Disney Chairman and CEO Michael Eisner, who will head the combined companies, said, "This transaction is a once-in-a-lifetime opportunity to create an outstanding entertainment and media company." He said the deal "positions us in a strong competitive position in an industry, which, by this transaction, we are helping to define. The Walt Disney Co. will now have more global outlets to provide the highest quality entertainment, news and sports programming."
While it is conceivable that another suitor could offer a higher bid for CC/ABC, Mr. Eisner noted that the deal has already been approved by both Disney and CC/ABC boards and that the deal represented good value for both companies and their shareholders.
For Disney, the deal guarantees broad-based distribution both in the U.S. on the ABC Television Network, TV stations and a range of CC/ABC cable networks, as well as worldwide distribution vis-a-vis CC/ABC's powerful overseas distribution arm, including ESPN International.
For CC/ABC, it provides a guaranteed pipeline for some of the strongest and most consistent entertainment content available. Mr. Eisner cited immediate benefits for ABC's Saturday morning kids schedule, which has floundered in recent years, but could be boosted by Disney's powerhouse animated series.

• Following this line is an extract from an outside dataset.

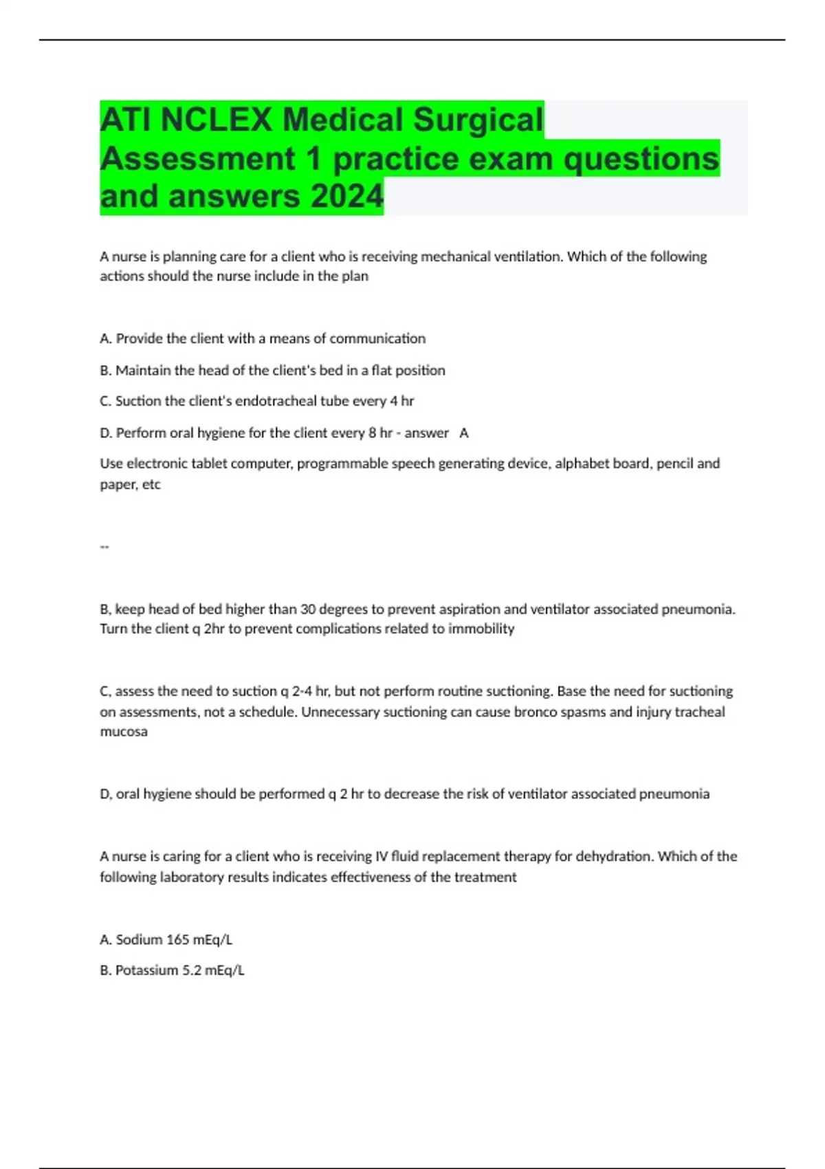 ATI NCLEX Medical Surgical Assessment 1 practice exam questions and answers 2024
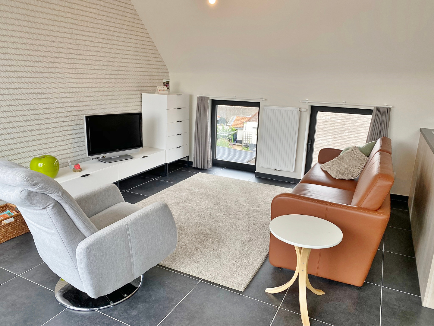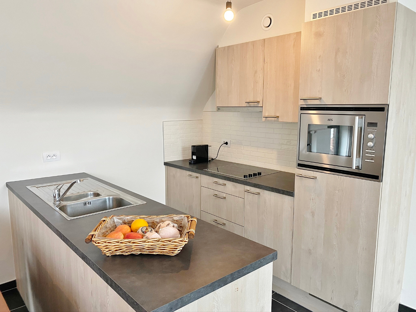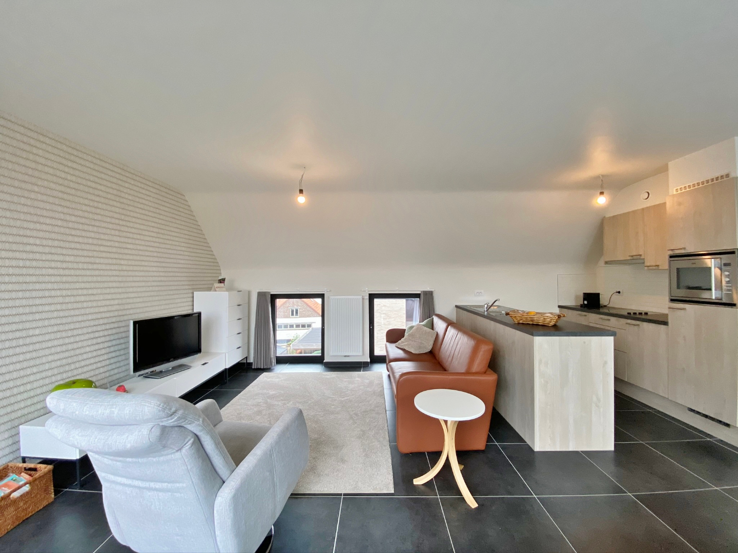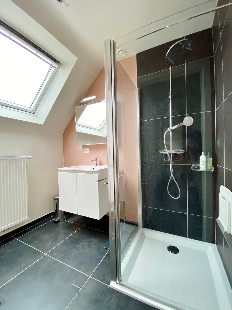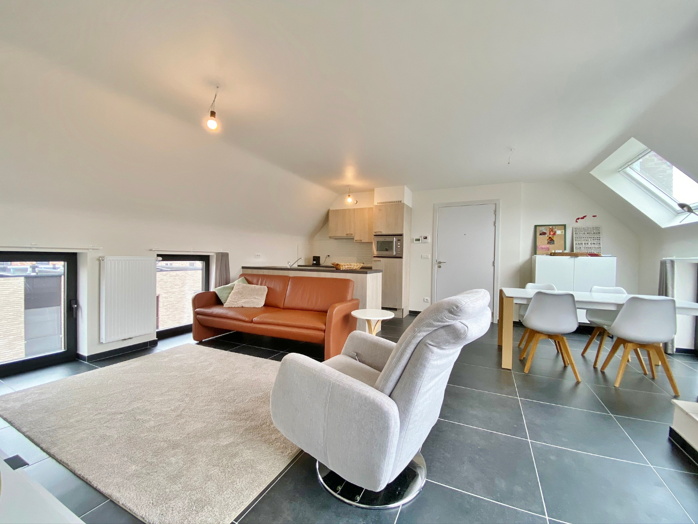 Dit appartement is gelegen in de dorpskern van Dikkebus en omvat een inkom, ruime lichtrijke leefruimte met open volledig ingerichte keuken en aansluitend terras, berging met aansluiting voor wasmachine, 2 slaapkamers en een badkamer met douche en lavabomeubel. Er zijn tevens een zolderverdiep, private overdekte autostandplaats afgesloten met automatische poort en gemeenschappelijke fiets en afvalberging.

The subtext of those kinds of synergies has interesting implications for DreamWorks SKG, the fledgling Hollywood studio created by former Disney executive Jeffrey Katzenberg and director Steven Spielberg and David Geffen.
DreamWorks has a 50/50 joint-venture with CC/ABC for TV programming, and the new studio was expected to play a big role in re-programming ABC's Saturday morning schedule.
At a press conference in New York today, Disney's Mr. Eisner skirted the issue of CC/ABC's partnership with DreamWorks, saying that Disney and ABC would look to any suppliers for the best programming they could get, but Mr. Eisner has had a bitter rivalry with Mr. Katzenberg ever since he left Disney, formed DreamWorks and began raiding Disney talent.
For shareholders, the deal appears to be a sound one. While CC/ABC shareholders will get to convert each share for a share of Disney stock, plus $65 in cash, Disney shareholders gain the awesome distribution capabilities and assets of CC/ABC at not much more of a premium than CC/ABC has been trading for recently.
Disney will assume about $10 billion in debt to finance the transaction. The merger should have little if any fallout. The only immediately conflicting asset appears to be Disney's KCLA, the independent TV station in Los Angeles, which would conflict with CC/ABC's ownership of KABC. Mr. Eisner said the station will likely be held in trust until the ownership issues are resolved.
Except for KCLA, Mr. Eisner said Disney did not expect to divest of any of CC/ABC's assets, including such unrelated operations as its Fairchild Publications or Chilton Publishing trade publication divisions.
Thomas Murphy, chairman and CEO of Capital Cities/ABC, will retire at the time of the completion of the merger, expected sometime in early 1996. CC/ABC president Robert Iger will continue to manage CC/ABC.